PORTLAND — Surrounded by legislators, advocacy groups, community members — and quite a few little ones — Governor Kate Brown today signed House Bill 2005 into law, the nation’s most progressive paid family and medical leave policy.
“I have been working on this issue in some form or another for my entire public service career, “ said Governor Brown. “Oregon families no longer need to make the difficult choice between paying the rent and staying home with their newborn, or between chemotherapy and keeping food on the table.”
Under HB 2005, every Oregon worker will have access to family and medical leave insurance benefits. Workers will receive up to 12 weeks of paid time off that can be used to care for a new baby, recover from a serious illness, or support newly adopted or foster children. It also provides paid time off for victims of domestic violence and guarantees 100% of wages to low-income workers.
What Will It Cover?
The program can cover up to 100% of a worker’s wages, ensuring that families that rely on each and every dollar in a paycheck do not have to worry while they nurture a child, take care of a loved one, or recover from domestic violence.
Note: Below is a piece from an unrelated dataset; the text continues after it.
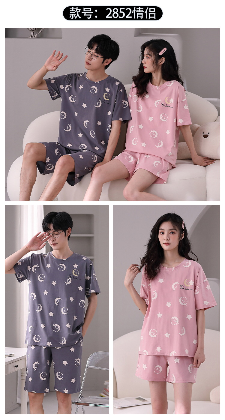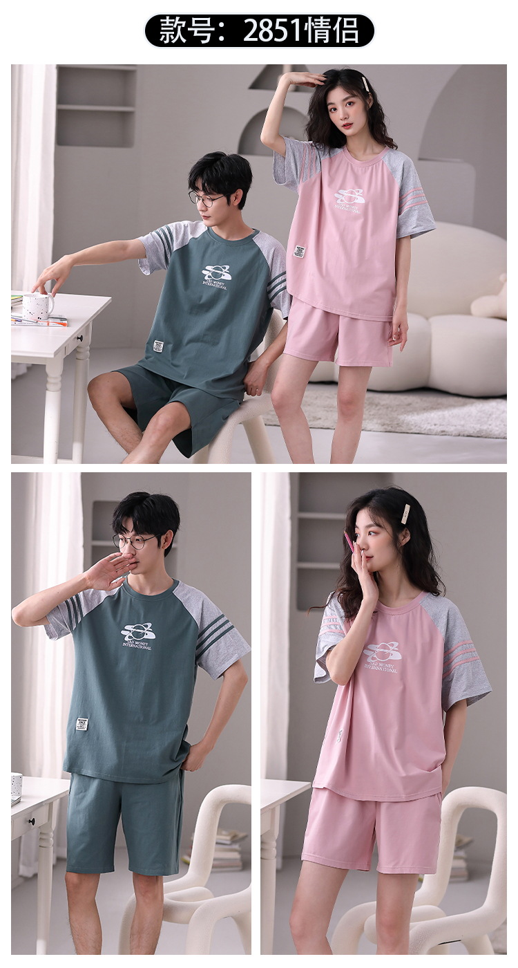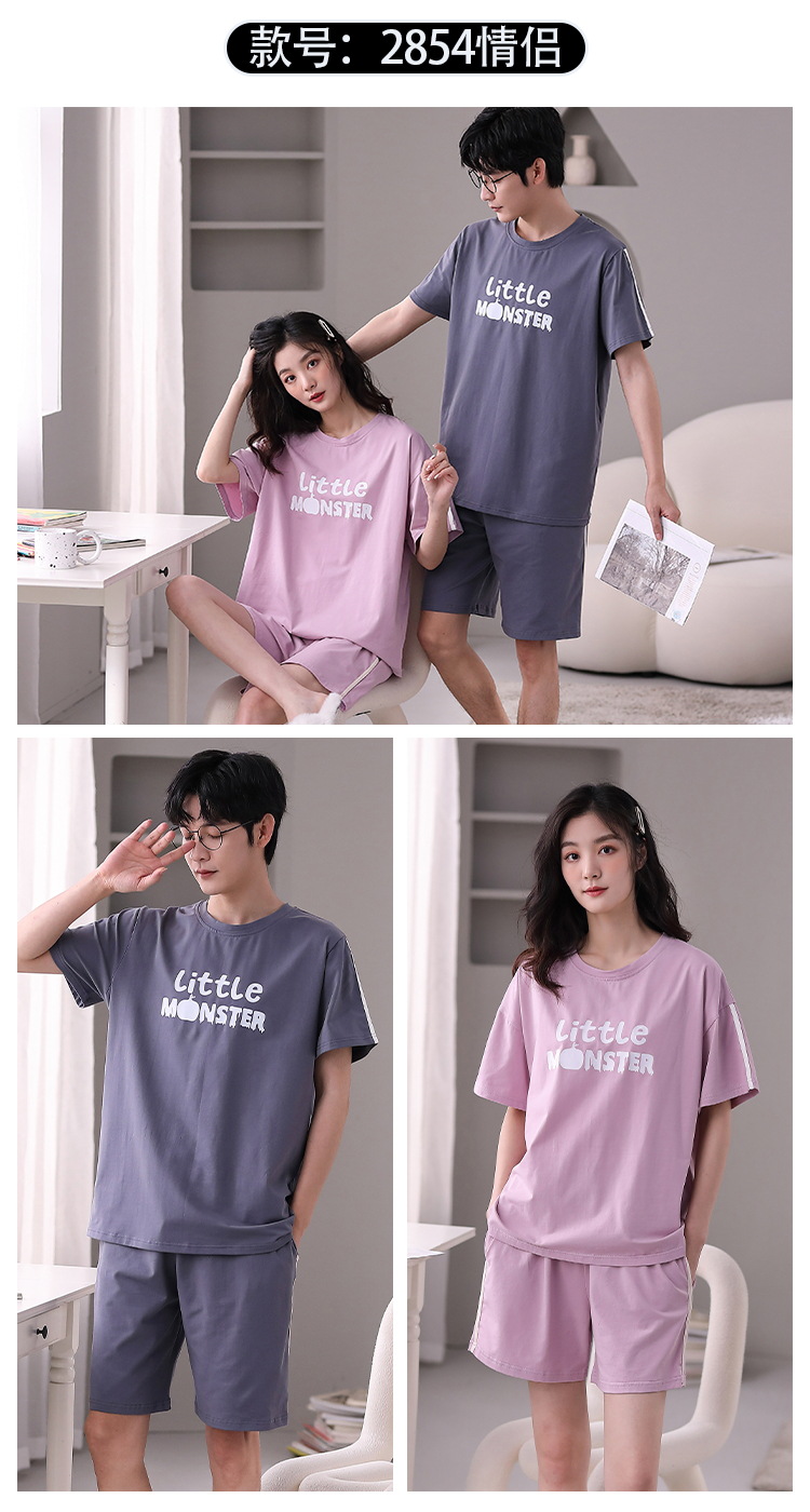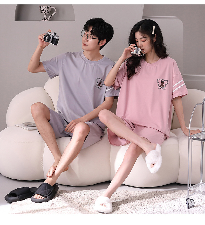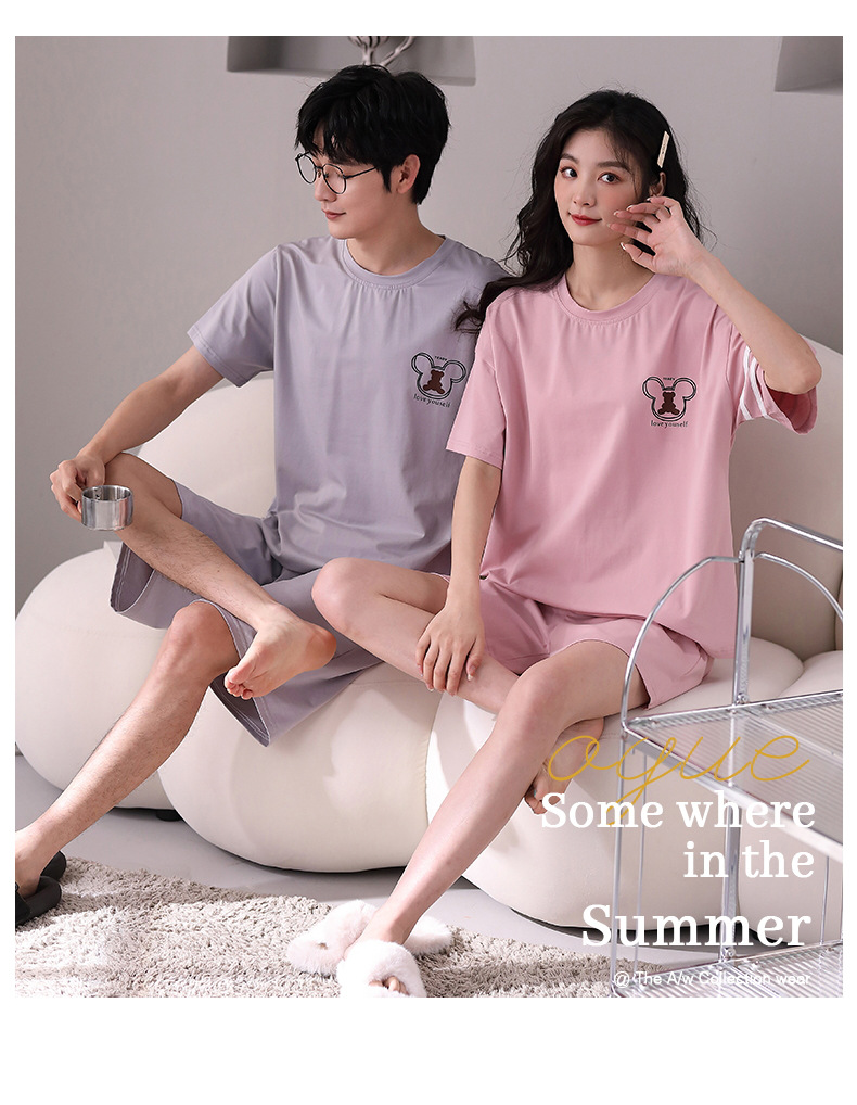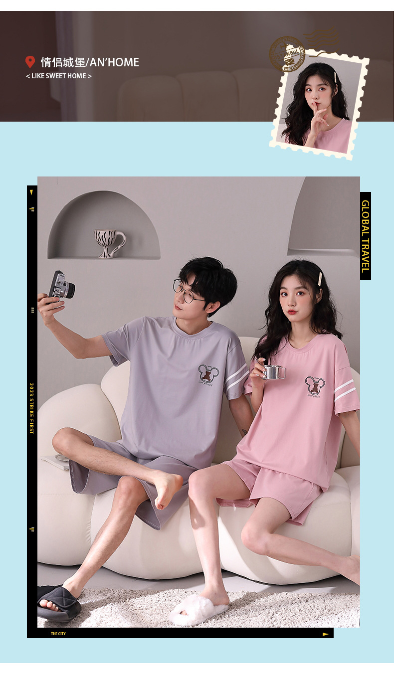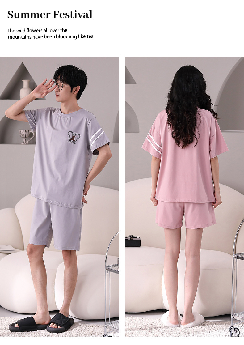 Venta al por mayor pareja pijamas de verano de las mujeres traje de manga corta de algodón Delgado coreano casual hombres y ropa de casa de las mujeres se puede usar fuera

Benefits are capped at $1,215, ensuring all low-income Oregonians receive 100% of their wages while they are on family or medical leave.
Paid family leave is a huge step in the right direction to ensure that families can put in the time that is critical to care for newborns and their early childhood development. In terms of taking care of a family member, without a program such as this, many Oregonians would be in the impossible situation of choosing whether to care for a family member or work to feed their family.
“The U.S. is one of only two countries in the world that does not provide paid maternity leave to working mothers. 3 out of 4 dads take less than one week of leave after the birth of a new child. Nearly 60 percent of low-income fathers take zero weeks of paid leave. Families deserve to have time to love and care for each other,” said Governor Brown.
The family medical leave insurance benefits program will launch in 2023 as state agencies roll out an implementation plan for the process. The Oregon Employment Department will administer the program, and funds for the program will be raised by a small payroll tax shared by employees and their employers. Once the program launches and an eligible employee submits an application and is approved by the Employment Department, the bill mandates that the department must make reasonable efforts to issue first payment within two weeks of it being approved.